+++ Data under study +++
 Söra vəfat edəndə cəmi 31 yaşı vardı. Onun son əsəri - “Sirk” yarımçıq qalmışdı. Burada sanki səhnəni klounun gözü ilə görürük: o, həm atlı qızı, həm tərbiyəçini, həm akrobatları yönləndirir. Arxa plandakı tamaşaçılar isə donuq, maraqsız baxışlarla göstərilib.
+++
+++ Data under study +++
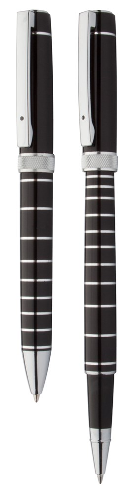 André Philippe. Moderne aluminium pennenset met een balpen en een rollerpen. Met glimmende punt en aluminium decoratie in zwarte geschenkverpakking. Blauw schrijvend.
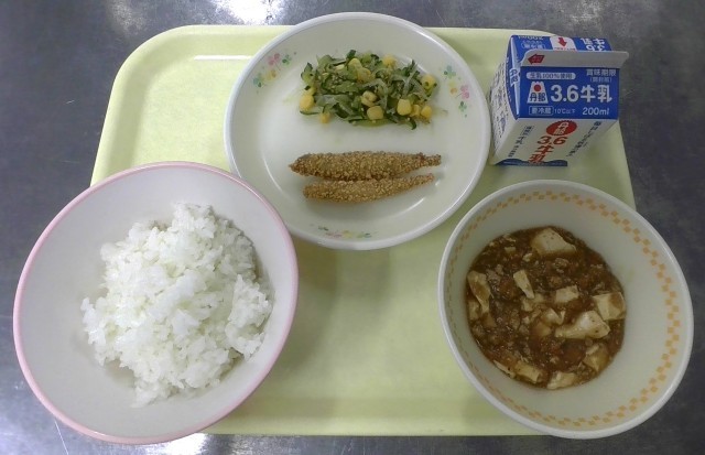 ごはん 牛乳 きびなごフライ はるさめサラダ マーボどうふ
+++
What is required: In the material above, the stretch from the line with "André Philippe. Moderne" through the line with "ごはん 牛乳 きびなごフライ はるさめサラダ マーボどうふ" is to be given again exactly, minus the pictures.

Task response:
 André Philippe. Moderne aluminium pennenset met een balpen en een rollerpen. Met glimmende punt en aluminium decoratie in zwarte geschenkverpakking. Blauw schrijvend.
 ごはん 牛乳 きびなごフライ はるさめサラダ マーボどうふ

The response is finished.